What can I try on my own? You may have heard the term “sleep hygiene,” which refers to the habits and behaviors that affect your sleep. Getting into a routine and practicing good sleep hygiene is essential. Harkening back to the common sense advice we probably got from our mothers at some point in our lives can contribute greatly. Good, clean living and healthy daytime habits can improve your ability to sleep well:

  • Eat a healthy, balanced diet, and don’t eat right before bed
  • Exercise regularly within your range of physical ability
  • Get outside, for at least a little while every day if you can, for fresh air and sunshine
  • Go to bed and get up at the same time every day
  • Limit alcohol consumption (although a “nightcap” might make you fall asleep, alcohol can actually counter your ability to sleep well through the night)
  • Avoid caffeinated beverages in the late afternoon or evening
  • Don’t smoke!

In addition, there are other things you can try to help you relax and prepare for bedtime:

  • Take a warm bath
  • Listen to quiet, soothing music
  • Do some gentle stretching exercises
  • Use a meditation technique
  • Keep your bedroom dark, cool, and quiet
  • Some alternative health practices and supplements--melatonin, for example--may be helpful (Always be sure your healthcare provider knows about any supplements, herbal or homeopathic remedies, or over-the-counter medicines you may be taking.)
  • Drink uncaffeinated herbal teas, such chamomile (contrary to popular belief, the protein in warm milk will actually stimulate your digestive system and could keep you awake)
  • Avoid watching television before bedtime—it is extremely stimulating and will not contribute to good sleep!

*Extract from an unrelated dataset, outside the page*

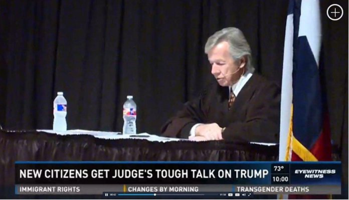 Thẩm phán liên bang John Primomo, người bị chỉ trích nặng nề vì nói với những người tuyên thệ vào quốc tịch hồi tuần rồi, rằng “quí vị nên dọn đến nước khác để ở” nếu không thích ông Donald Trump làm tổng thống.

And remember, your bed is a sanctuary that should only be used for sleep and sex. If you are struggling to fall asleep, get out of bed to read or do a quiet activity and return when you are sleepy.

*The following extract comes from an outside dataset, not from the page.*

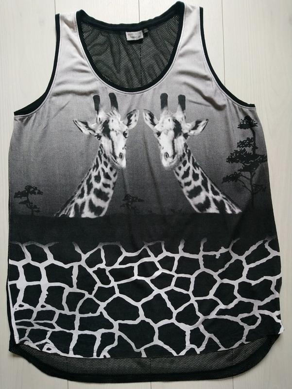Майка в дуже хорошому стані Спереду 95% віскоза і 5 еластан З-заду сіточка поліестр Розмір XL, EUR 48/50 Еластична Довжина 82 см Півобсяг грудей 60 см

WomanSleepingWhen do I need help? Getting good sleep will help your body stay as vital as possible and enhance the healing process if you are unwell. If you have an illness, injury, or chronic condition, chances are that it may be deterring you from sleeping well. And this can obviously become a vicious cycle.

If sleep problems impair your ability to function and feel well, you should consult your healthcare provider for assistance.  They may be able to treat an existing condition and eliminate or reduce the symptoms that cause you to wake in the night. Or they may change or adjust medications that keeping you from optimal sleep.

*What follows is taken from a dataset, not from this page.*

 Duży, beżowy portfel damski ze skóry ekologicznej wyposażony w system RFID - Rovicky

For some patients, a sleep aid can be appropriate and beneficial. There are good medications available to us today that enable you to fall asleep quickly and deeply, stay asleep for the right amount of time, and wake refreshed and rejuvenated. For example, your doctor might prescribe Ambien (zolpidem), Lunesta (eszopiclone), or Rozerem (ramelteon). These sleep aids have few side effects and are not addictive when taken as directed.

To nap, or not to nap?
There are conflicting opinions about whether napping is helpful or detrimental to good sleep hygiene. Again, it depends upon the person and his/her specific situation and condition. Naps can be rejuvenating and healing if they’re short and sweet—“cat naps” or “power naps” are wonderful. But if you sleep too long, you’re likely to encroach on your ability to fall asleep at the right time at night. The key is to gain an understanding of your own sleep cycle and wake from your nap when you’re in the lightest stages of sleep. If you wake yourself with an alarm while you’re in deep sleep, chances are that you’ll feel groggy and disoriented instead of rested and refreshed.

Good sleep and good health go hand in hand. Don’t underestimate the benefits of a good night’s sleep. And consult your healthcare provider if you need help getting the best sleep possible.